Task requirements. Every entry must be set down exactly in the answer; no pictures should appear.

(Data for this task)

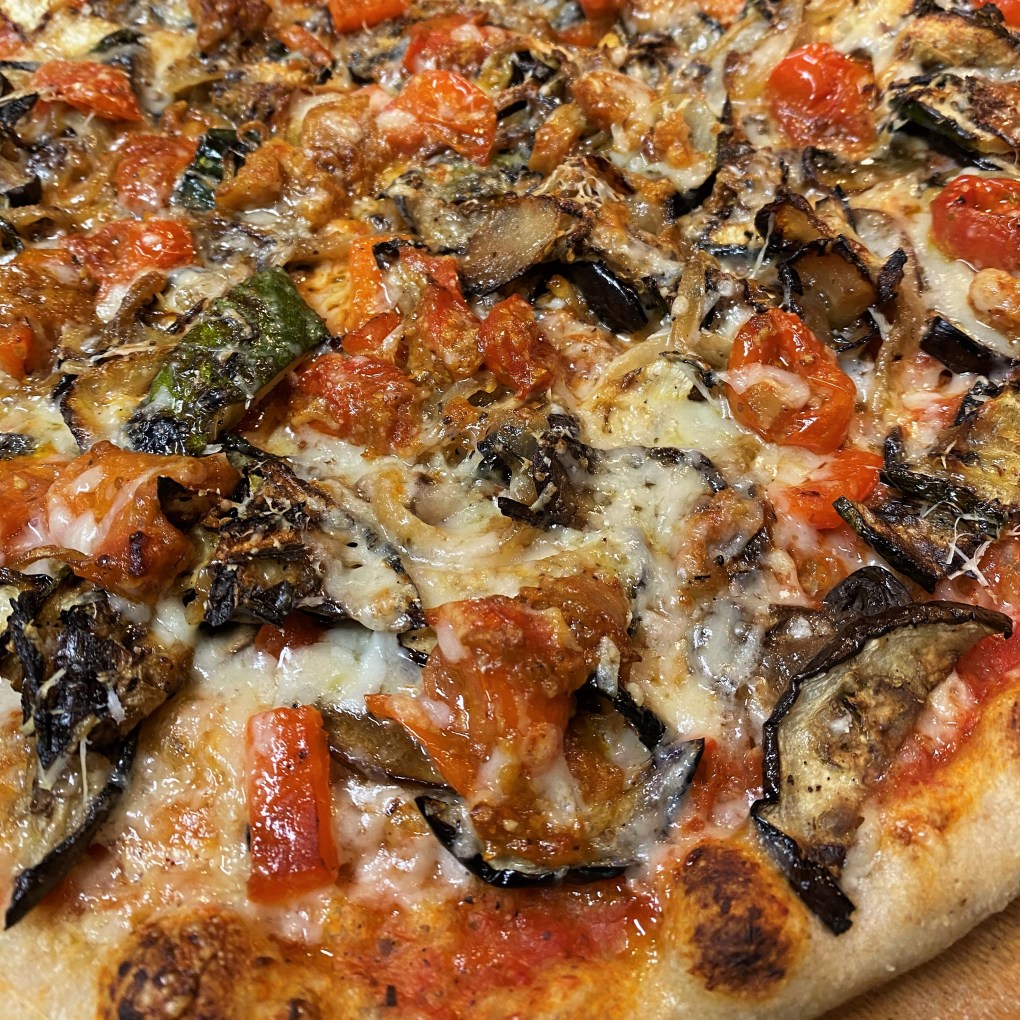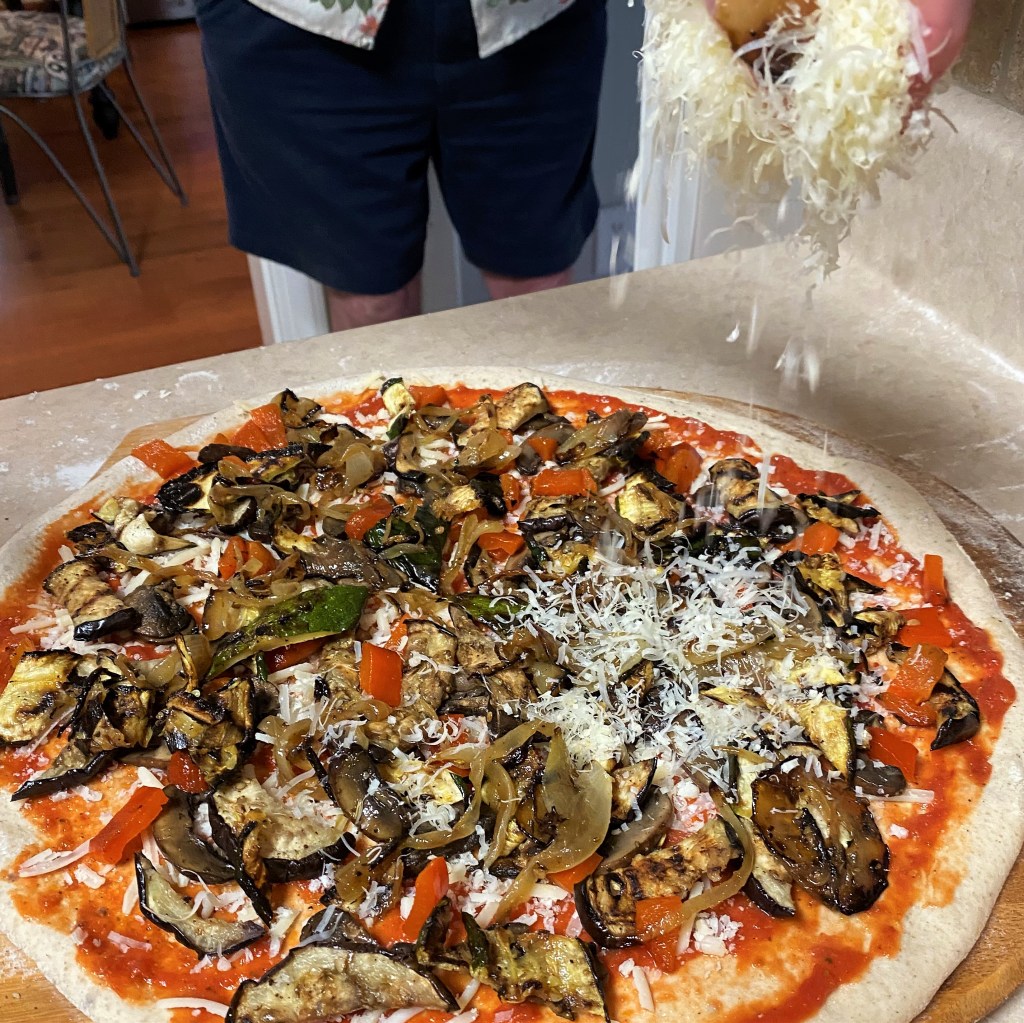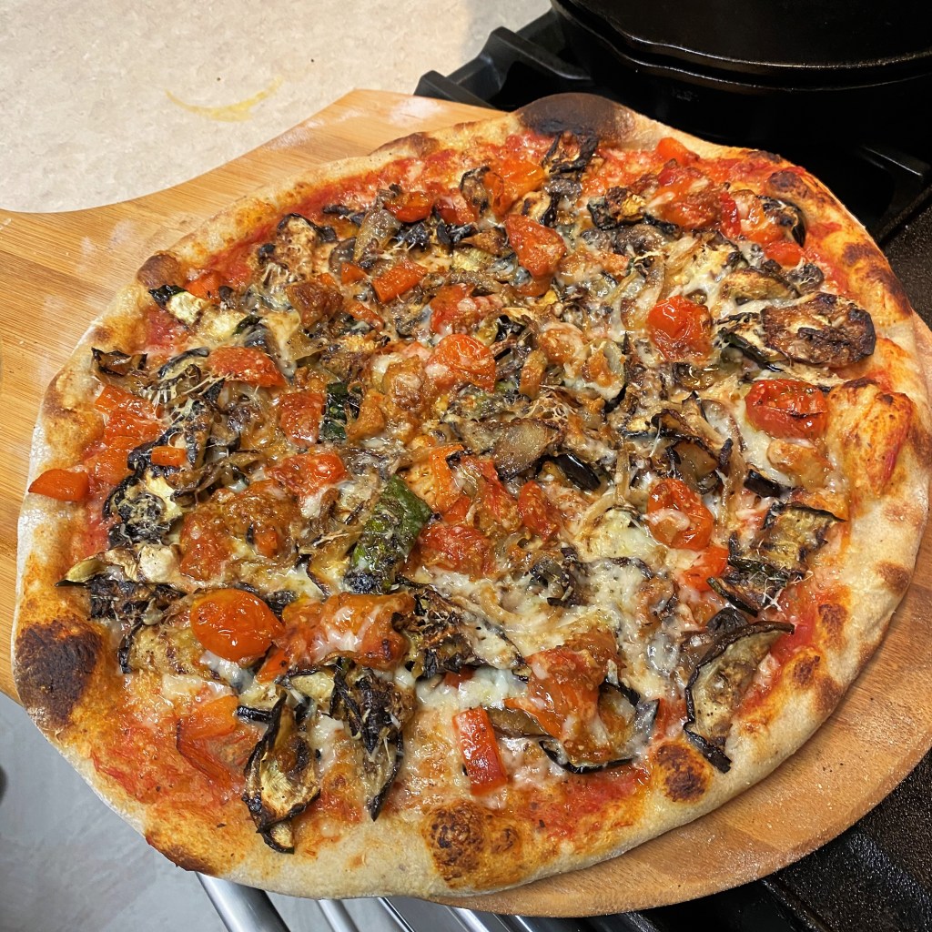 You don’t have to make your own dough to enjoy this pizza—before I made my own bread, I favored the Boboli pre-made crusts. There’s no judgment here if you want to use a pre-made pizza dough or other favorite crust and just focus on the flavors of the vegetables. Or trade in the crust altogether for a fresh bowl of hot pasta, tossed with the grilled vegetables and herb-infused sauce. Or really merge Italian into it by serving it on risotto or polenta. Re-imagine it exactly however you like. Isn’t that the beauty of comfort food?
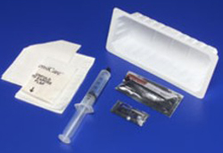 • Kenguard Universal Catheter Insertion Tray (Peel Back Lid). Tray contains: 30cc Prefilled syringe, BZK swab sticks (3), lidded tray, underpad, latex gloves, fenestrated drape, lubricating jelly, graduated basin.
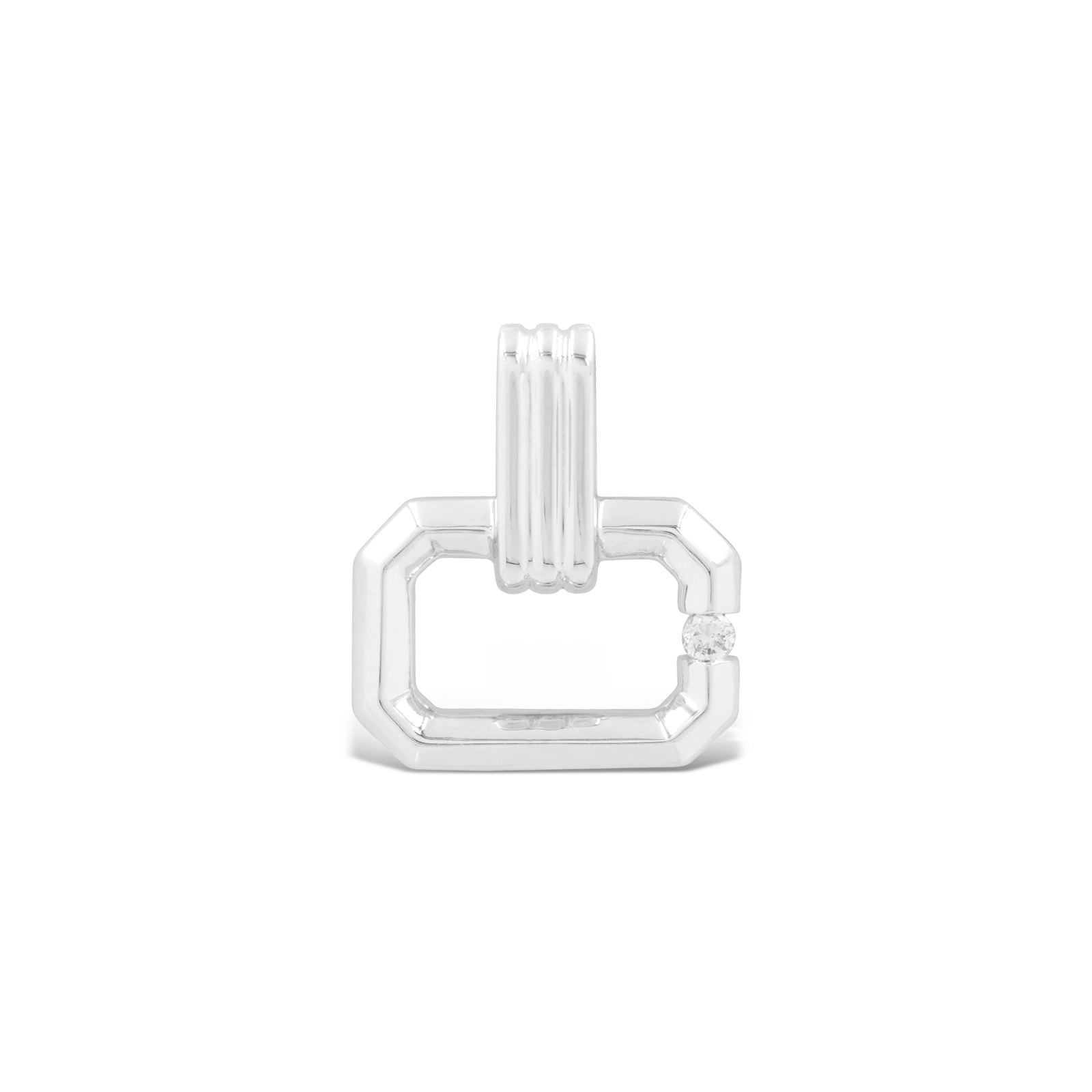If smooth is your style then our Sleek Rectangular Spark Diamond Pendant is going to fit you nicely. It is made with pristine white gold in a polished rectangular shape. One diamond stands out on its right while the hook is in a glossy oval shape. Go with the flow with this clean piece.
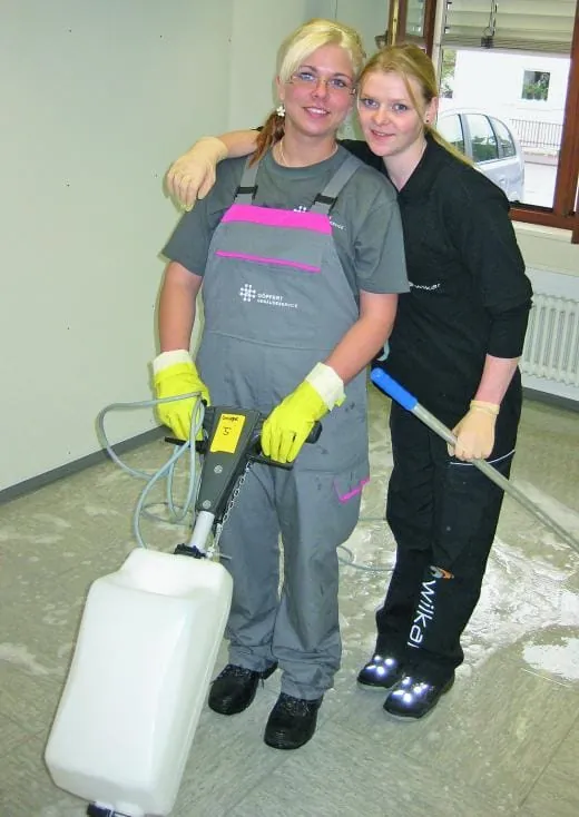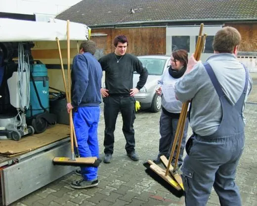 - „So freundliche, hilfsbereite Schüler können Sie mir wieder schicken“, sagt Frau Haag, Leiterin der Hauswirtschaft in der Diakonie Metzingen. Mit einem zufriedenen Lächeln betrachtet sie den grundgereinigten, neu eingepflegten, glänzenden Boden. Die hässlichen Flecken sind nicht mehr zu sehen. Wegen dieses Problems hatte Frau Haag Kontakt zu Lehrern des Bereichs Gebäudereinigung an der Gewerblichen Schule Metzingen aufgenommen. Denn zum Tag der offenen Tür in den neu bezogenen Räumen sollte Ende März alles glänzen.
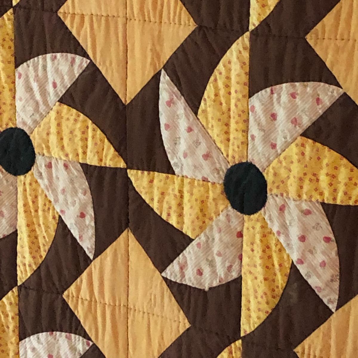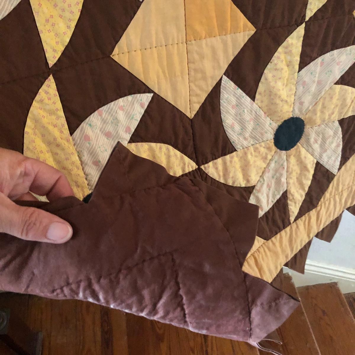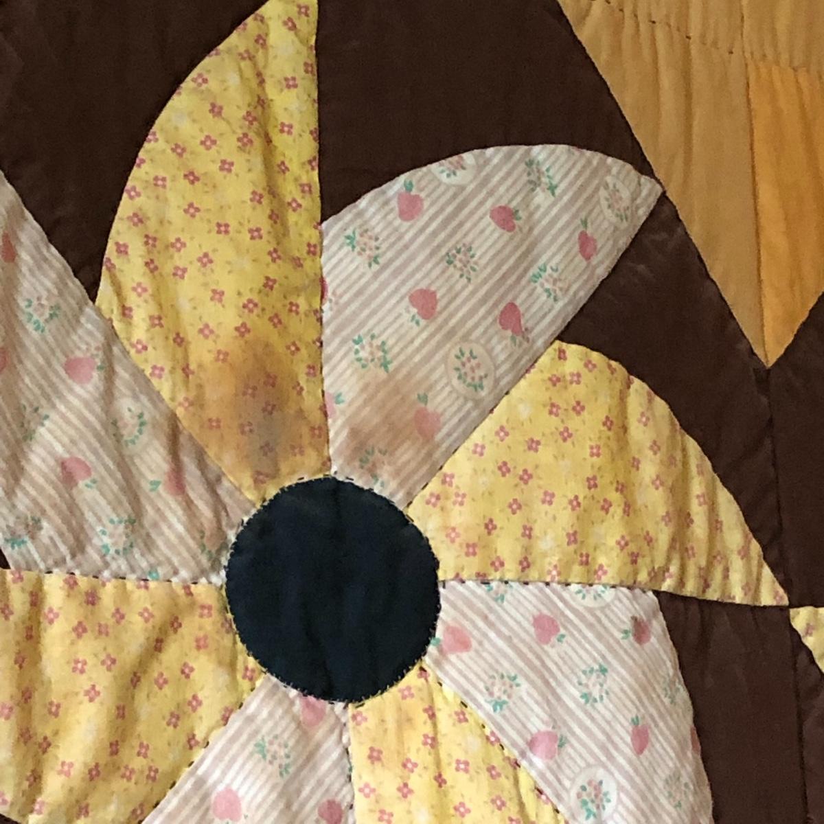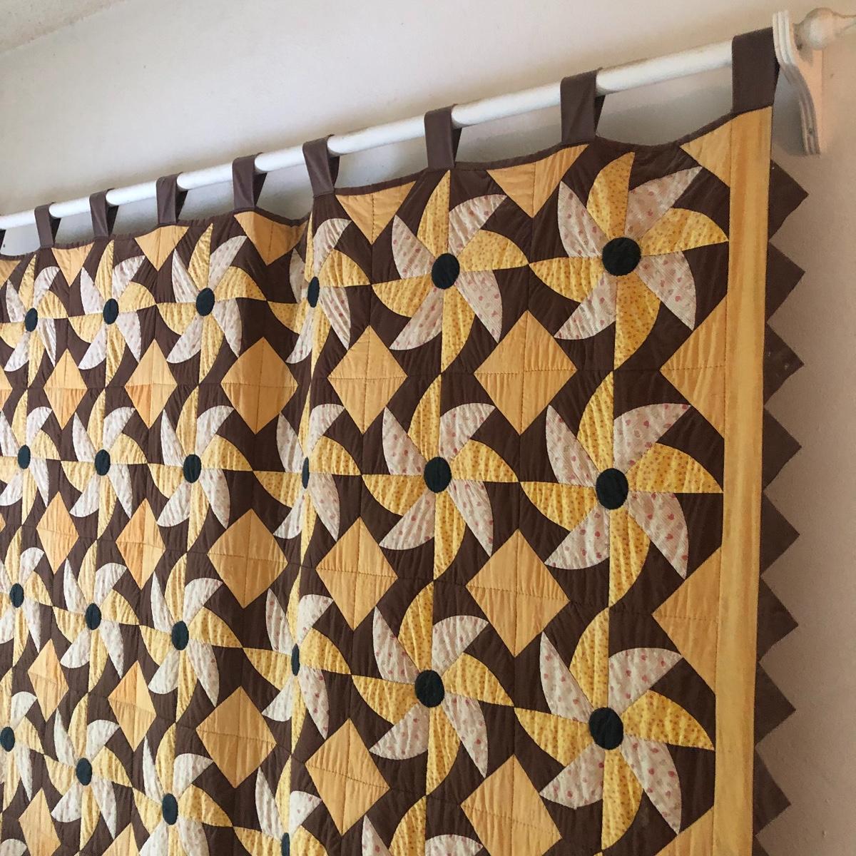 This huge quilt is a combination of brown, yellow and cream colors. It has a few minor signs of age with a few stains shown in images. Rod is not included.

(End Data for this task)

Answer section.
 You don’t have to make your own dough to enjoy this pizza—before I made my own bread, I favored the Boboli pre-made crusts. There’s no judgment here if you want to use a pre-made pizza dough or other favorite crust and just focus on the flavors of the vegetables. Or trade in the crust altogether for a fresh bowl of hot pasta, tossed with the grilled vegetables and herb-infused sauce. Or really merge Italian into it by serving it on risotto or polenta. Re-imagine it exactly however you like. Isn’t that the beauty of comfort food?
 • Kenguard Universal Catheter Insertion Tray (Peel Back Lid). Tray contains: 30cc Prefilled syringe, BZK swab sticks (3), lidded tray, underpad, latex gloves, fenestrated drape, lubricating jelly, graduated basin.
If smooth is your style then our Sleek Rectangular Spark Diamond Pendant is going to fit you nicely. It is made with pristine white gold in a polished rectangular shape. One diamond stands out on its right while the hook is in a glossy oval shape. Go with the flow with this clean piece.
 - „So freundliche, hilfsbereite Schüler können Sie mir wieder schicken“, sagt Frau Haag, Leiterin der Hauswirtschaft in der Diakonie Metzingen. Mit einem zufriedenen Lächeln betrachtet sie den grundgereinigten, neu eingepflegten, glänzenden Boden. Die hässlichen Flecken sind nicht mehr zu sehen. Wegen dieses Problems hatte Frau Haag Kontakt zu Lehrern des Bereichs Gebäudereinigung an der Gewerblichen Schule Metzingen aufgenommen. Denn zum Tag der offenen Tür in den neu bezogenen Räumen sollte Ende März alles glänzen.
 This huge quilt is a combination of brown, yellow and cream colors. It has a few minor signs of age with a few stains shown in images. Rod is not included.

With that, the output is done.